Article: Editorial: I am Jane -- October 2007
In a typical American family, the mother or wife is charged with most of her family’s nutritional needs. The Almond Board of California (ABC) has given this woman a name: Jane. I liked hearing about Jane during a presentation at the group’s 2007 Harvest Tour, which took place in California last month. She reflects a lot of my own interests and needs.
Jane is 35 or older, concerned about health, interested in many foods and “on a quest to find better, smarter choices.” She is active and focused on her family. The ABC, a group of almond board growers and processors, understands her important role. She “has a profound purchasing power, but also a significant influence on those around her.”
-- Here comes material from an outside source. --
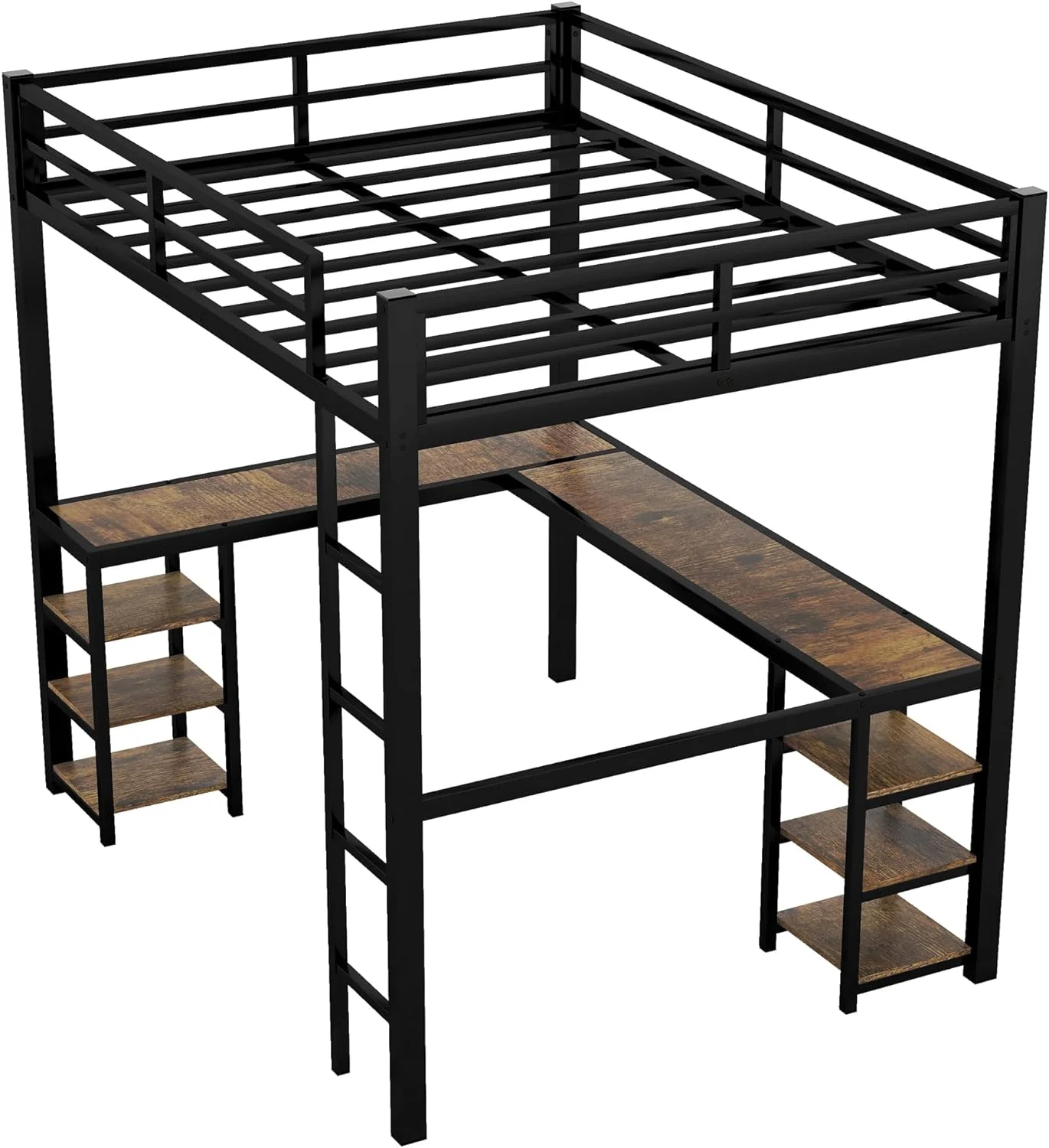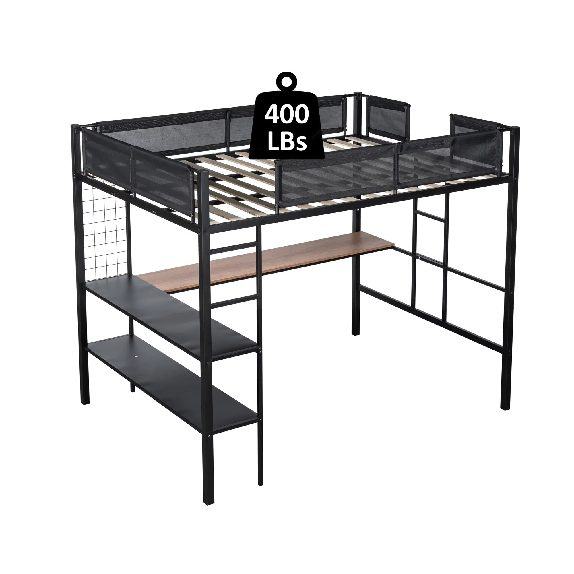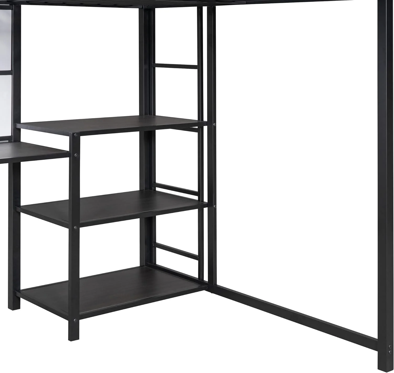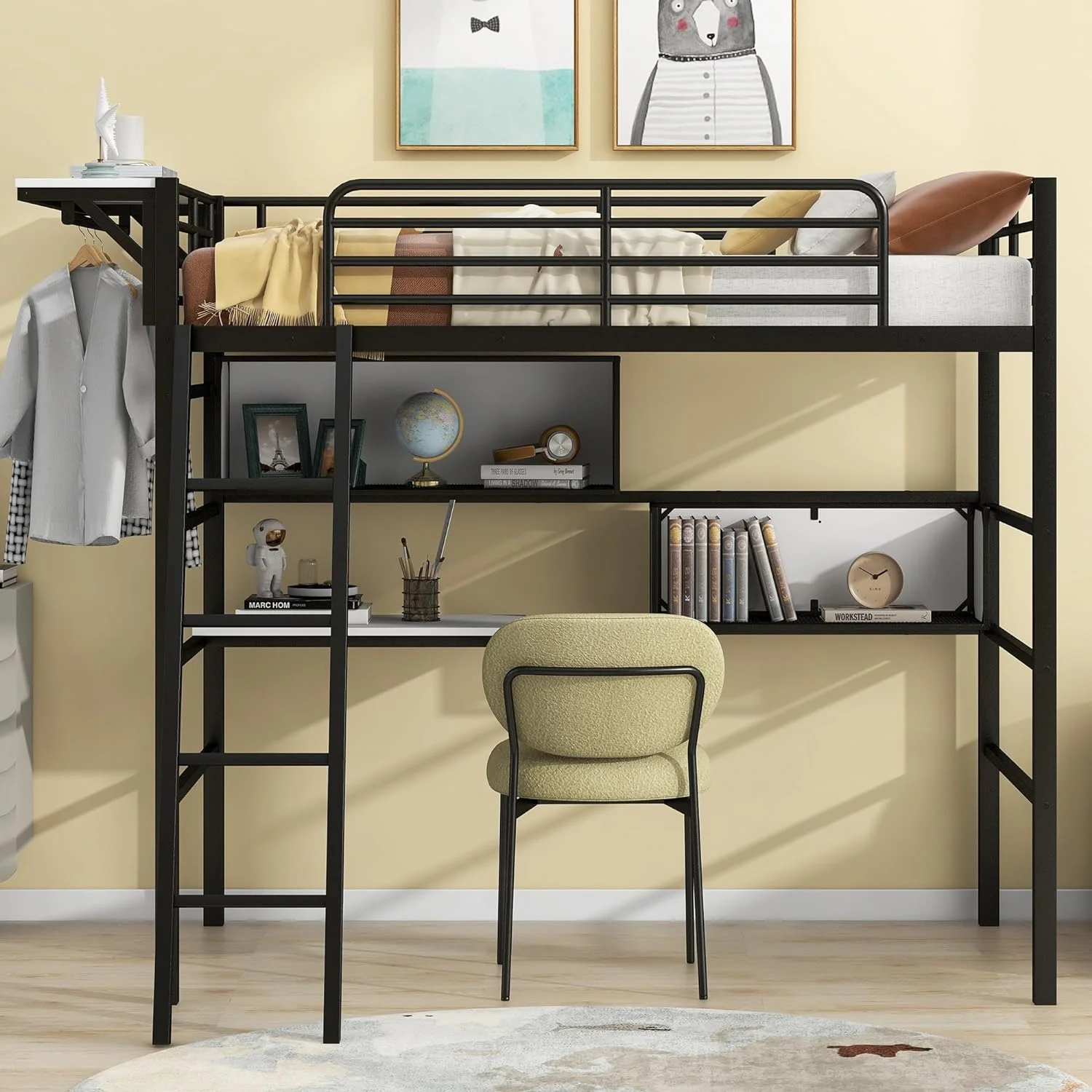 Full Size Metal Loft Bed With Long Desk, Shelves And Full Length Guardrails, Space-Saving Full Loft Bed For Bedroom, White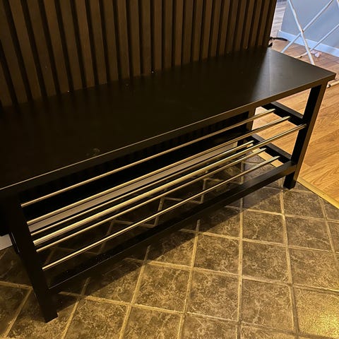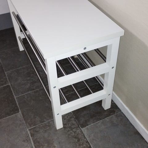 Säljer fin och praktisk bänk med skoförvaring. Stabil och robust. Fint skick. Dock är det avskavd färg vid nedre hyllan, av förklarliga skäl, där har skor stått. Samt kantstött i hörnen men inget som syns på håll.

Among other foods, almonds have become priority on Jane’s list because they are an excellent source of vitamin E and magnesium; have been linked to lowering cholesterol, successfully managing weight and increasing fiber intake; and also are convenient to eat. In a recent ABC survey, 83% of Janes said they consumed almonds on an ongoing basis. Some 54% chose almonds because they “are healthier” than other nuts, while 41% said they taste better than other nuts. In another survey, about 81% of Janes would pay more for a product or menu item that contains almonds; the same percentage also stated they would choose an item with almonds as an indulgence. 88% said they found foods with almonds to be “more interesting,” while 73% said almonds appeal to their families.
Restaurants have been paying attention. Foods such as chicken and fish encrusted with almonds have become regular items. Salads get an extra crunch from a handful of almonds. In the supermarket, ice creams, snack mixes, snack bars and chocolate bars (note a huge surge in higher quality dark chocolate bars) are being paired with almonds. According to Mintel, some 61% of new product introductions featuring almonds in 2006 occurred in two categories: confectionery and snacks. If Jane is going to have an indulgent snack, it may as well contain something a little healthy!
Jane is the mother who packs lunches, determines what snacks the kids are going to eat while rushing to soccer practice and figures out what tonight’s dinner menu will be. She will have the most influence on her family’s eating habits for the rest of their lives. It is a tall order, and she’s looking for all of the help she can get.